Oil Search Ltd will need billions of dollars to fund its growth plans, and tying up with Santos Ltd to create a A$20 billion ($14 billion) company will give it the access to capital that it needs, its boss said on Tuesday.
Oil Search agreed to an all-stock takeover this month after Santos raised its offer slightly to give Oil Search shareholders a 38.5% stake in a merged group, up from an earlier offer of 37%. Santos shareholders will own the remaining 61.5%.
"We added A$600 million of value in the context of that change ... Six hundred million dollars is not to be sniffed at," Oil Search's acting CEO Peter Fredericson said on Tuesday.

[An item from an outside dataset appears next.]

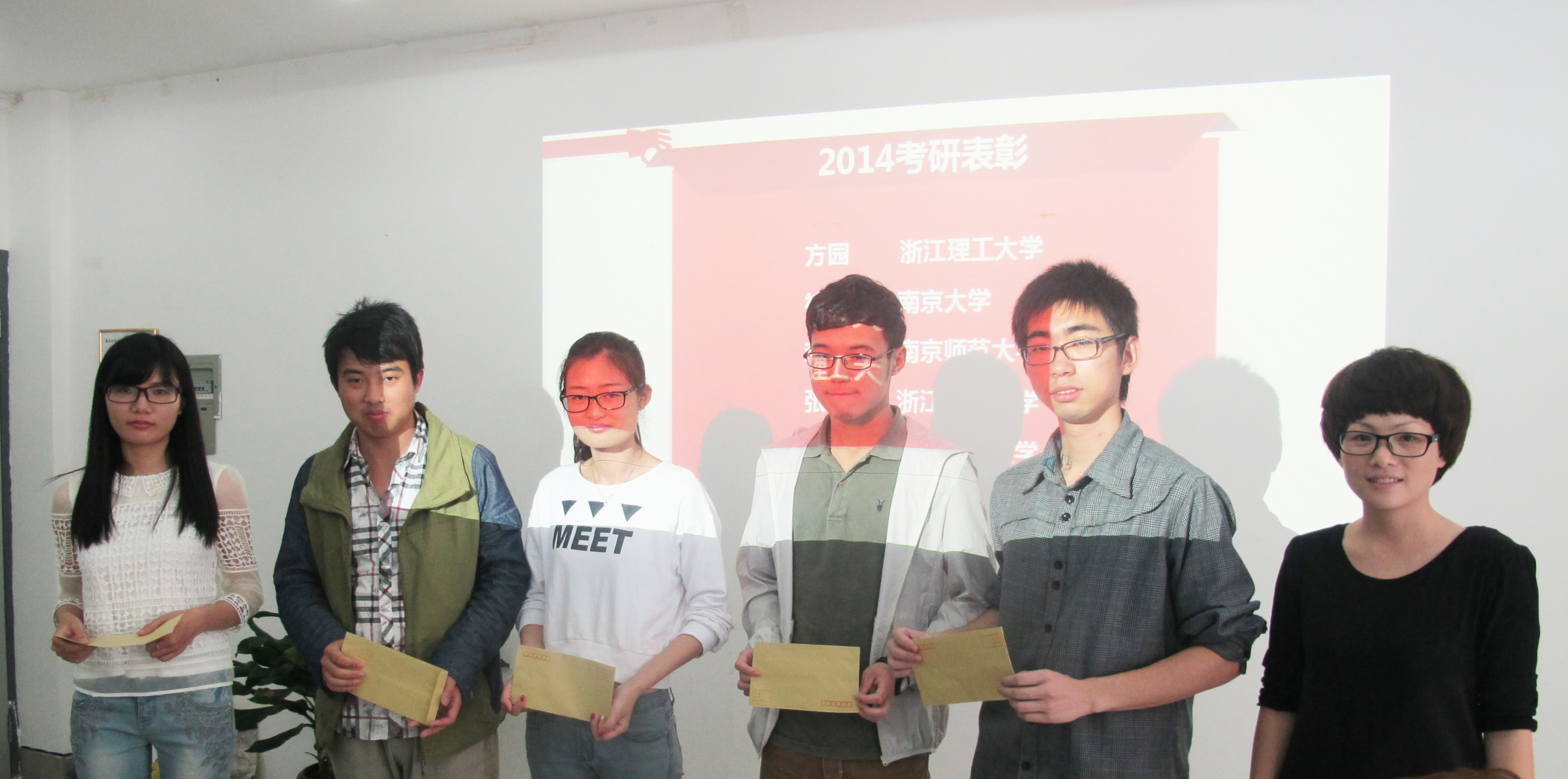 叶老师首先对开元官网2014年国内考研成功录取的美本师范班褚明敏、服装设计与工程班方圆、环境艺术设计班赵锦程、美本班张伟佳、服装设计班邬仁亚,和国外考研成功录取的环境艺术设计班袁炜楠、平面设计班李奕璠、鞋靴设计班魏子八位同学进行了表彰仪式,并颁发了学院奖金。叶老师讲到,考研经验交流会让在座的每位同学能够真切、直观、详实地体会考研路上的辛苦与喜悦,相信在知识道路上坚持的同学们都会收获更好的自己!
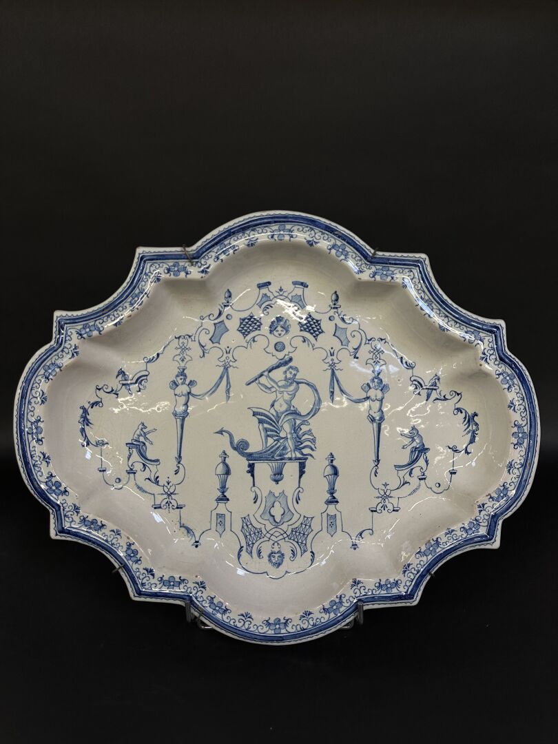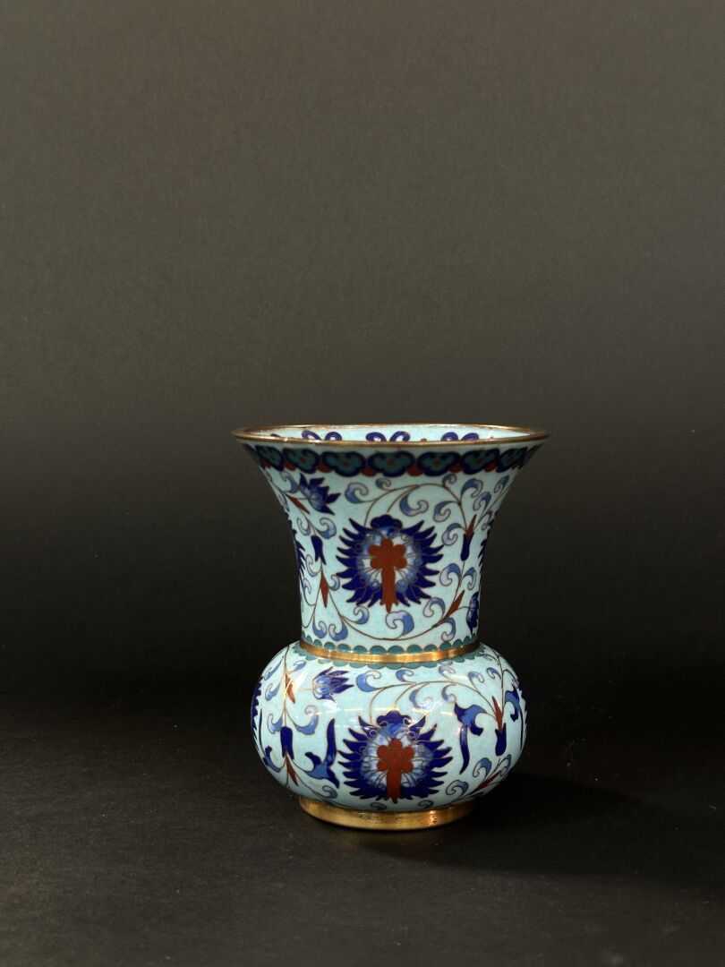 Crachoir en émaux cloisonnés dans les tons bleus à décor de rinceaux feuillagés et...

He said putting the two companies together made sense as size is going to matter in the industry, pointing also to the pending merger of Woodside Petroleum and BHP Group's petroleum arm.

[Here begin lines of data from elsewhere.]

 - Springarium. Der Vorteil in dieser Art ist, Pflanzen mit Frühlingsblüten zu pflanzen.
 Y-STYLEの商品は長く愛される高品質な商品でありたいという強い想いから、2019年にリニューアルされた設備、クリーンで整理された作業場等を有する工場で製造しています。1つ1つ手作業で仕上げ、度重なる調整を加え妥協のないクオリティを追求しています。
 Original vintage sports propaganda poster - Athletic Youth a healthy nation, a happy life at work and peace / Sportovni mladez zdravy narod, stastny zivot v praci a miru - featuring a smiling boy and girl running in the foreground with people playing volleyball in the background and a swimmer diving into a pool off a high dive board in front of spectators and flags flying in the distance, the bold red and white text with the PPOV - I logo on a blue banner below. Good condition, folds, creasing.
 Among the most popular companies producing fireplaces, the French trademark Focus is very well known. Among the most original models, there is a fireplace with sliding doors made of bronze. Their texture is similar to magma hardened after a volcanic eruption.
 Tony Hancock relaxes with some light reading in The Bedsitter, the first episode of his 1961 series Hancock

"At the size we're at now and given the size of the projects we want to invest in now, we need to get access to broader capital markets. And we need more size to do that," Fredericson told Reuters.
Feedback from shareholders, he said, was that they want Oil Search to engage with Santos and give them a deal to vote on.

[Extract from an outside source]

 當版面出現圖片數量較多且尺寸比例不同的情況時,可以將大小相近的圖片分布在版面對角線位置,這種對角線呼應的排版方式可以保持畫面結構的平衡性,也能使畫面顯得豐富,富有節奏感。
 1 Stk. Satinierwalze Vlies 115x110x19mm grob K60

The Papua New Guinea-focused company's prized assets are its stakes in the PNG LNG (liquefied natural gas) project run by Exxon Mobil Corp and the undeveloped Papua LNG project, led by TotalEnergies SE.
Less well known is its $3 billion Pikka oil project in Alaska, where Oil Search and its partner Repsol want to sell a combined 30% stake this year before making a go-ahead decision on the project.
Fredericson said the Santos deal might slow the Pikka stake sale.
Allan Gray Australia Chief Investment Officer Simon Mawhinney, an Oil Search shareholder, said the sale of a Pikka stake would shed light on its value.
"(Delay of the sale) puts shareholders in an awkward position. What value do we ascribe to Alaska when determining whether we should or shouldn't accept Santos's proposal?" Mawhinney said.
Shareholders are due to vote on the deal later this year.
Oil Search on Tuesday reported a near six-fold rise in its core profit to $139 million for the six months to June, as easing pandemic restrictions boosted oil demand and lifted prices.